Symbolic Filtering and Performance Guarantees

Application of symbolic entailment filtering (post-hoc deduction enforcement) on labeled datasets consistently yields increased soundness and precision, with marginal reductions in recall and completeness. Diagnoses not deductively supported by findings are conservatively filtered, systematically eliminating unsupported hallucinations. The completeness loss is minimal, confirming that logically forced diagnoses are largely preserved.
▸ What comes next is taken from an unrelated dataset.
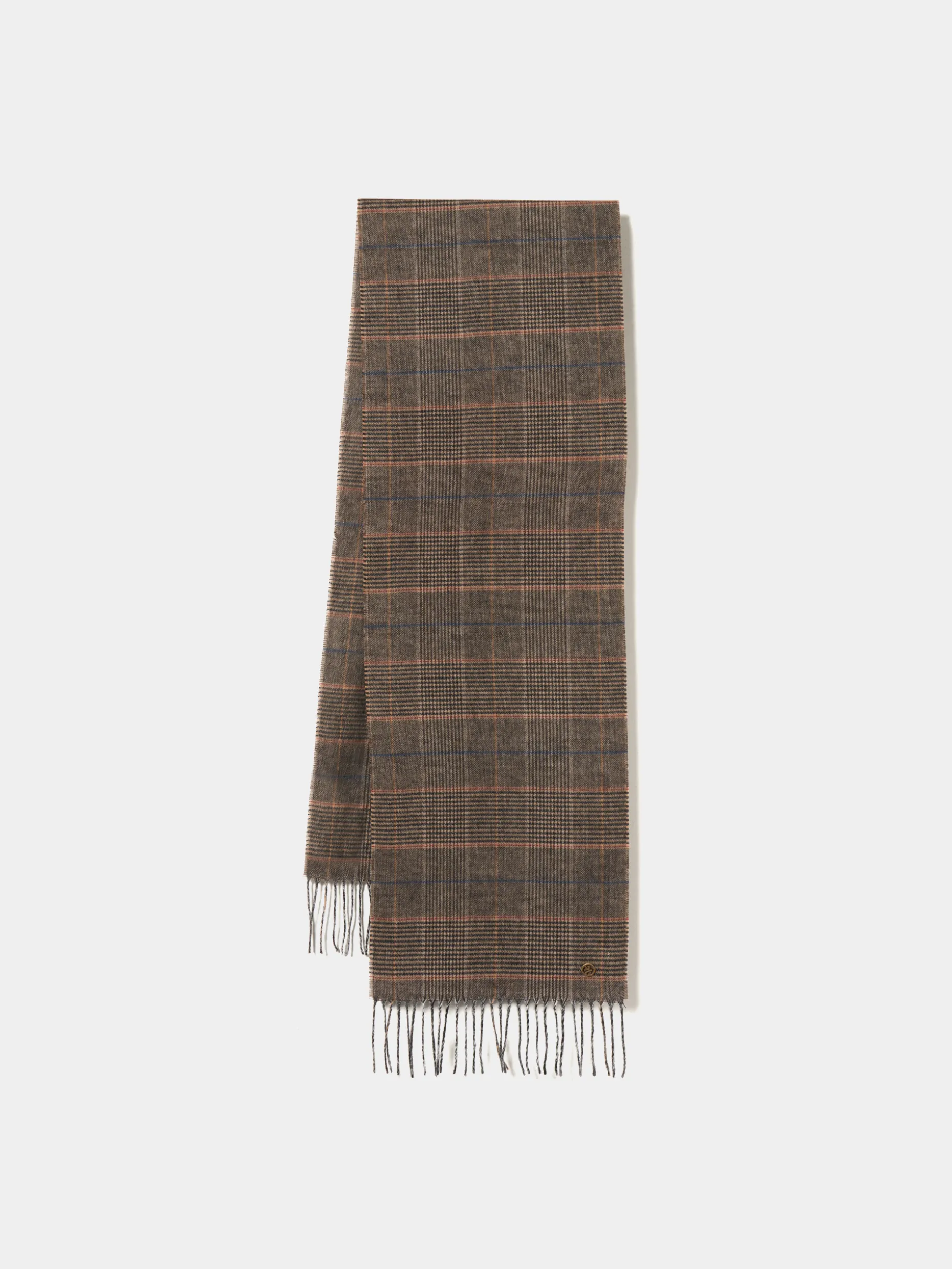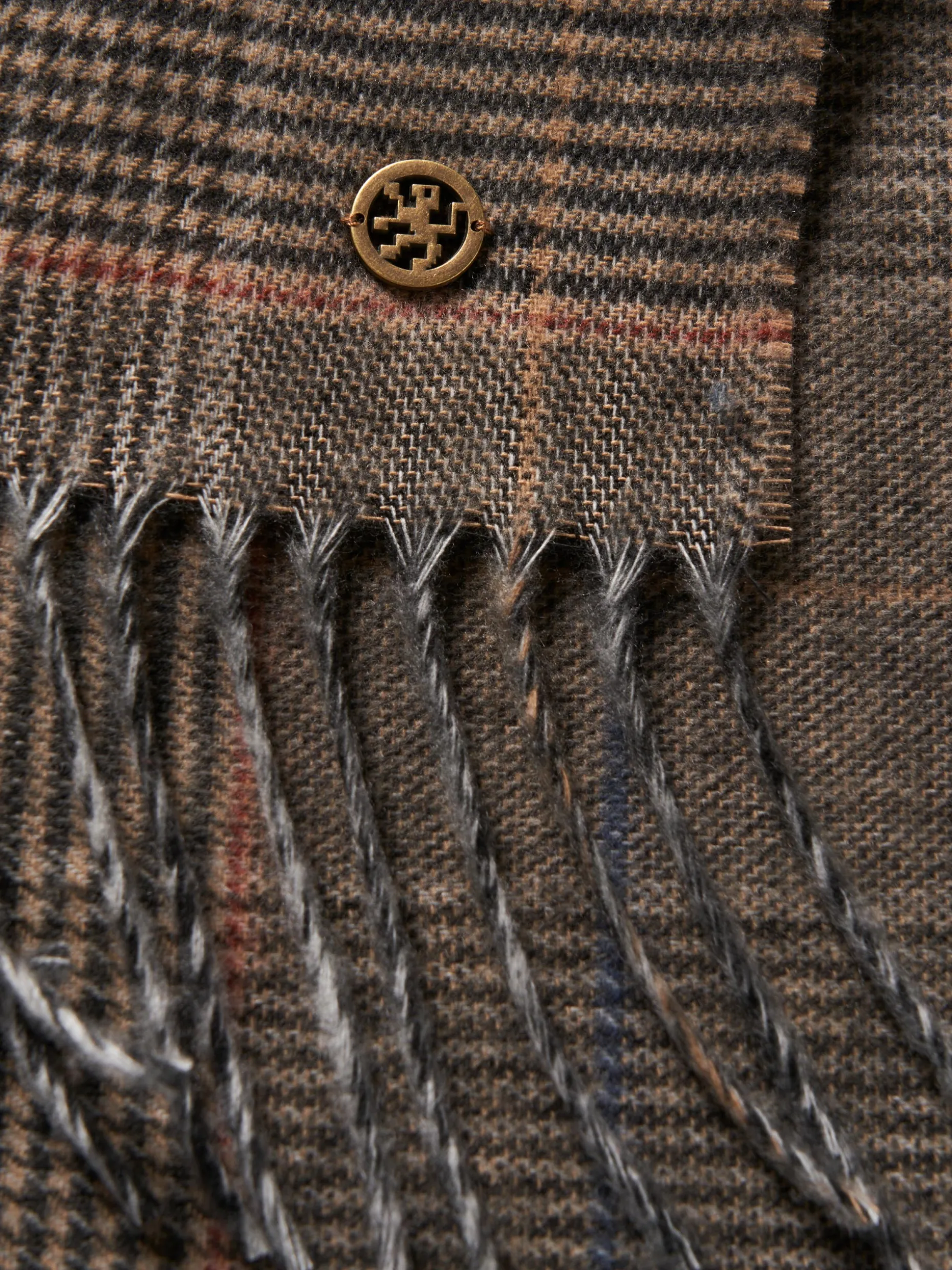Um acessório de inverno elegante é este cachecol com padrão xadrez all over. Com franjas nas extremidades e aplicação metálica num dos cantos. Disponível em várias cores.

This verification delta provides quantifiable, post-hoc guarantees for safe deployment of generative clinical assistants.

Practical and Theoretical Implications

The neurosymbolic verification framework represents a shift from empirical string-matching toward formal internal consistency auditing in clinical AI. By leveraging formal verification and autoformalization, the approach provides deterministic, reference-free assessment of deductive reliability. Conditional guarantees—grounded in symbolic translation and domain knowledge—align with safety standards typical in medical and verification domains.

Practically, this methodology enables integration of generative assistants in clinician workflows with reduced risk of automation bias, hallucinated diagnoses, and logical inconsistencies. Theoretically, the approach generalizes to verification tasks across medical AI, offering scalable formal methods for auditing reasoning in complex generative systems.

Future directions may encompass expansion to broader clinical modalities, improved ontology coverage, integration of uncertainty quantification in autoformalization, and multi-tier hybrid verification schemes.

Conclusion

The neurosymbolic verification framework deterministically audits clinical reasoning in radiology VLMs, addressing deductive failures unrevealed by empirical metrics. By enforcing logical entailment through structured autoformalization and SMT solving, the approach provides post-hoc guarantees of diagnostic soundness and precision, with minimal recall trade-offs. This work advances evaluation and deployment safety for generative clinical assistants, aligning AI verification methodologies with the rigorous needs of medical practice and formal system assurance (2602.24111).